According to U.S Department of health and human services, average calorie intake for an adult woman is 1600 to 2400 calories per day and for adult men, it is 2000 to 3000 calories per day. The higher limit is for more active persons and lower ones are for idle individuals.
Once you analyze your daily activity and calorie requirement you can monitor how much you need to lose. For losing weight, there has to be a net calorie-deficit, with your daily calorie intake less than the calories you burn. This is the easy ways to lose weight.
How much should you eat: Control your portion
Even with a plethora of choices when it comes to available types of food, you must always measure how much to eat. In order to lead a healthy life and lose weight (preferably fat), you have to regulate what and how much quantity of food you are eating.
Most people tend to fill their plate with lots of cereals and little vegetables or binge on a whole pizza meant for multiple persons the moment they start to have hunger pangs.

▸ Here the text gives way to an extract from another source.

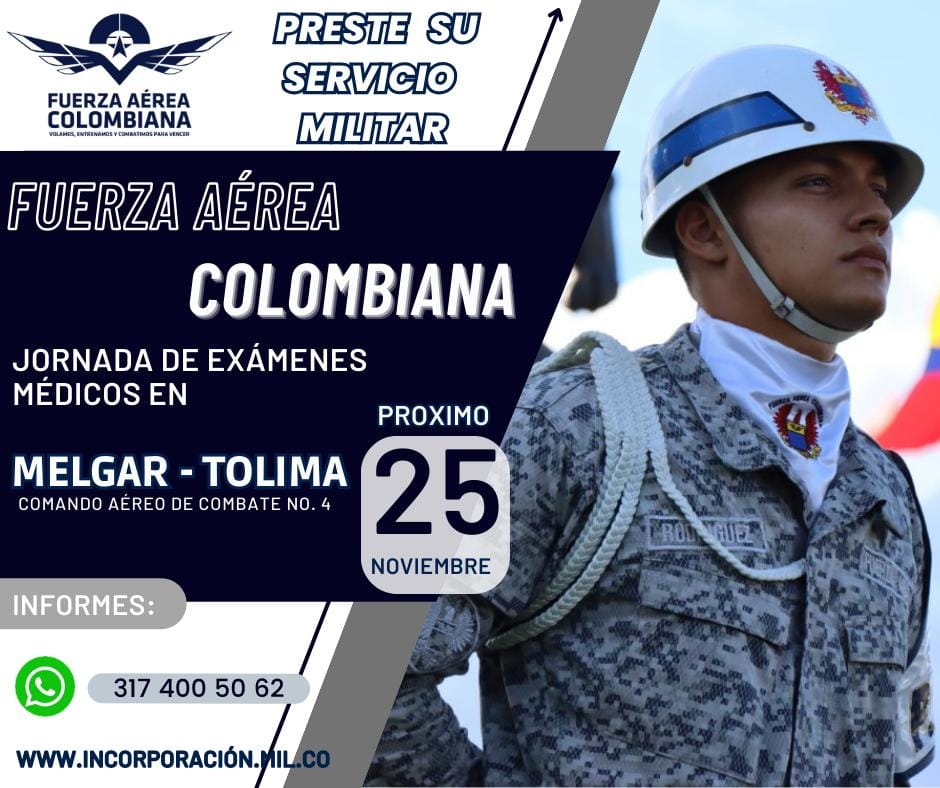 Próximas jornadas de exámenes médicos gratuitos: 25 de noviembre de 2023 en el Distrito Militar Aéreo No.4 Kilómetro 1 Via Melgar Tolima – Bogotá.

However, according to the WHO, a healthy diet should contain fruits, vegetables, legumes, nuts and whole grains (brown rice, whole wheat, oats, maize, millet). This includes:
- At least 400 grams (5 portions) of fruits and vegetables per day
- Consumption of unsaturated fats (fats from fish, avocado, nuts, olive oil) rather than saturated fats (found in fatty meat, butter, coconut, cheese, ghee)

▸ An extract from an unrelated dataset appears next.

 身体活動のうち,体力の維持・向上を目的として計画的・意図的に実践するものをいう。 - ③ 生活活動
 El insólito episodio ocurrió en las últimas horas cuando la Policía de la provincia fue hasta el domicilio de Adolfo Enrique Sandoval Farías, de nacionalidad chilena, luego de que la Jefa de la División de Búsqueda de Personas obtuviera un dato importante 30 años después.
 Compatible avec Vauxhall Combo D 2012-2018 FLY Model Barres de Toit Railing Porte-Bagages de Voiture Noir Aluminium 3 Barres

- Taking no more than 1 teaspoon of iodized salt per day (5 grams)
Sweet potatoes, potatoes and other starchy foods are not considered as fruits or vegetables.
For effective weight loss, large portions of low-calorie foods (fruits, vegetables and lentils) and a very small portion of high-calorie foods (grains and other carbs) works best. This ensures that you get ample amounts of fiber, vitamins and minerals without increasing your total calorie count.

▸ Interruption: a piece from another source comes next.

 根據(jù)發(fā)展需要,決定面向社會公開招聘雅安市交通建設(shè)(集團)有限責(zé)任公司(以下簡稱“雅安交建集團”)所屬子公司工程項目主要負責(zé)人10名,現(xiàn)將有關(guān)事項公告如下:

Mindful eating: Keep tabs on your nutrition count
Losing weight should not tantamount to weakness or reduced work ability. In order to offset any energy loss due to calorie-deficit, you need to check your nutrition count. You should have an adequate understanding and knowledge of what foods to eat in order to fulfil all your nutritional requirements and induce weight loss at the same time.
Nature provides a whole range of nutrients through its bounty of available foods. But no single food item has all the nutrients and that demands a diet rich with different types of foods. Eating more fresh fruits and vegetables adds a lot of fiber to diet with low amounts of fat, salt and sugar. Fiber-rich food will keep you full and satiated for a longer time. This will diminish your food cravings and ultimately make you eat less, aiding weight loss.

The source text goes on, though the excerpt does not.